------ Data extracts

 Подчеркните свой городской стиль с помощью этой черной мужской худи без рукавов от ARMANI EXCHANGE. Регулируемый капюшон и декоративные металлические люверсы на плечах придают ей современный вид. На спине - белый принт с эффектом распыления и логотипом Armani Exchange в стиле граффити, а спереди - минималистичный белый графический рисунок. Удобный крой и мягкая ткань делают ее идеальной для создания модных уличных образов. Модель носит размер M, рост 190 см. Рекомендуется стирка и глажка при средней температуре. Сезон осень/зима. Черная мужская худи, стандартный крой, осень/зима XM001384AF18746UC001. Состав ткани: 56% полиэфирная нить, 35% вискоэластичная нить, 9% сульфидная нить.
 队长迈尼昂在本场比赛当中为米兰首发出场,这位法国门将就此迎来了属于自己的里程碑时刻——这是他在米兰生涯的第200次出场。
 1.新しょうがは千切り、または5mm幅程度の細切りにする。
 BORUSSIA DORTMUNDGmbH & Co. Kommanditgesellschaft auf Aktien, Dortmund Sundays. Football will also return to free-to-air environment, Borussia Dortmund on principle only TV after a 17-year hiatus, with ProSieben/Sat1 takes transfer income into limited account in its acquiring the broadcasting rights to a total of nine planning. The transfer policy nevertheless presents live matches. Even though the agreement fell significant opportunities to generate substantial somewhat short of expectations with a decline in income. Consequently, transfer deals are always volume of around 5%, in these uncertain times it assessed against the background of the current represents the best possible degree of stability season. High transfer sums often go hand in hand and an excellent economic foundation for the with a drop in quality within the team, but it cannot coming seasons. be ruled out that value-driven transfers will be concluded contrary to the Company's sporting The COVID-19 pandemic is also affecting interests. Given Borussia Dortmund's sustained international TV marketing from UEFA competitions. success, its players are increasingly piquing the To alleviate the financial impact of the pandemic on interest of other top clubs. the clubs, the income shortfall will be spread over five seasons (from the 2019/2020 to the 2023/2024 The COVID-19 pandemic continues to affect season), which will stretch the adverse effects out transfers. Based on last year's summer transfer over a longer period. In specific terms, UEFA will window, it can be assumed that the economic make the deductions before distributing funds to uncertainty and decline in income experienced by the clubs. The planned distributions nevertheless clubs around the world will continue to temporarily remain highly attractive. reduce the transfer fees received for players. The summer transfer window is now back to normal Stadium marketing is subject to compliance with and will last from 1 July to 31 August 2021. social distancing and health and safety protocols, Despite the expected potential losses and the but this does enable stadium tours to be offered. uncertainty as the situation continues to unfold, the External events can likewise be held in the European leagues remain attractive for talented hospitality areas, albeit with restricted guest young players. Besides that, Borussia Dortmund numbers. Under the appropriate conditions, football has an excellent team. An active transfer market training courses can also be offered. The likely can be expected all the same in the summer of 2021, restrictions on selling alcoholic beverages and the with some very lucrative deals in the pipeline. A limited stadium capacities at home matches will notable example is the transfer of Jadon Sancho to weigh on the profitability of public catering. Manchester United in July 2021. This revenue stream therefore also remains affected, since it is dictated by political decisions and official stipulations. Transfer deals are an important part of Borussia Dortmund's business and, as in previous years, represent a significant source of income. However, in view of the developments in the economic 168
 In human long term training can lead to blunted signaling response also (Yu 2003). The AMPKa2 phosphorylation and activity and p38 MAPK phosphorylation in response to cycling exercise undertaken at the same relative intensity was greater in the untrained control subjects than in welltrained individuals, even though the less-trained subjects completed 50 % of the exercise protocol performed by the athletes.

------------

Problem details:
An exact copy of every entry is required.

Exercise solution:
 Подчеркните свой городской стиль с помощью этой черной мужской худи без рукавов от ARMANI EXCHANGE. Регулируемый капюшон и декоративные металлические люверсы на плечах придают ей современный вид. На спине - белый принт с эффектом распыления и логотипом Armani Exchange в стиле граффити, а спереди - минималистичный белый графический рисунок. Удобный крой и мягкая ткань делают ее идеальной для создания модных уличных образов. Модель носит размер M, рост 190 см. Рекомендуется стирка и глажка при средней температуре. Сезон осень/зима. Черная мужская худи, стандартный крой, осень/зима XM001384AF18746UC001. Состав ткани: 56% полиэфирная нить, 35% вискоэластичная нить, 9% сульфидная нить.
 队长迈尼昂在本场比赛当中为米兰首发出场,这位法国门将就此迎来了属于自己的里程碑时刻——这是他在米兰生涯的第200次出场。
 1.新しょうがは千切り、または5mm幅程度の細切りにする。
 BORUSSIA DORTMUNDGmbH & Co. Kommanditgesellschaft auf Aktien, Dortmund Sundays. Football will also return to free-to-air environment, Borussia Dortmund on principle only TV after a 17-year hiatus, with ProSieben/Sat1 takes transfer income into limited account in its acquiring the broadcasting rights to a total of nine planning. The transfer policy nevertheless presents live matches. Even though the agreement fell significant opportunities to generate substantial somewhat short of expectations with a decline in income. Consequently, transfer deals are always volume of around 5%, in these uncertain times it assessed against the background of the current represents the best possible degree of stability season. High transfer sums often go hand in hand and an excellent economic foundation for the with a drop in quality within the team, but it cannot coming seasons. be ruled out that value-driven transfers will be concluded contrary to the Company's sporting The COVID-19 pandemic is also affecting interests. Given Borussia Dortmund's sustained international TV marketing from UEFA competitions. success, its players are increasingly piquing the To alleviate the financial impact of the pandemic on interest of other top clubs. the clubs, the income shortfall will be spread over five seasons (from the 2019/2020 to the 2023/2024 The COVID-19 pandemic continues to affect season), which will stretch the adverse effects out transfers. Based on last year's summer transfer over a longer period. In specific terms, UEFA will window, it can be assumed that the economic make the deductions before distributing funds to uncertainty and decline in income experienced by the clubs. The planned distributions nevertheless clubs around the world will continue to temporarily remain highly attractive. reduce the transfer fees received for players. The summer transfer window is now back to normal Stadium marketing is subject to compliance with and will last from 1 July to 31 August 2021. social distancing and health and safety protocols, Despite the expected potential losses and the but this does enable stadium tours to be offered. uncertainty as the situation continues to unfold, the External events can likewise be held in the European leagues remain attractive for talented hospitality areas, albeit with restricted guest young players. Besides that, Borussia Dortmund numbers. Under the appropriate conditions, football has an excellent team. An active transfer market training courses can also be offered. The likely can be expected all the same in the summer of 2021, restrictions on selling alcoholic beverages and the with some very lucrative deals in the pipeline. A limited stadium capacities at home matches will notable example is the transfer of Jadon Sancho to weigh on the profitability of public catering. Manchester United in July 2021. This revenue stream therefore also remains affected, since it is dictated by political decisions and official stipulations. Transfer deals are an important part of Borussia Dortmund's business and, as in previous years, represent a significant source of income. However, in view of the developments in the economic 168
 In human long term training can lead to blunted signaling response also (Yu 2003). The AMPKa2 phosphorylation and activity and p38 MAPK phosphorylation in response to cycling exercise undertaken at the same relative intensity was greater in the untrained control subjects than in welltrained individuals, even though the less-trained subjects completed 50 % of the exercise protocol performed by the athletes.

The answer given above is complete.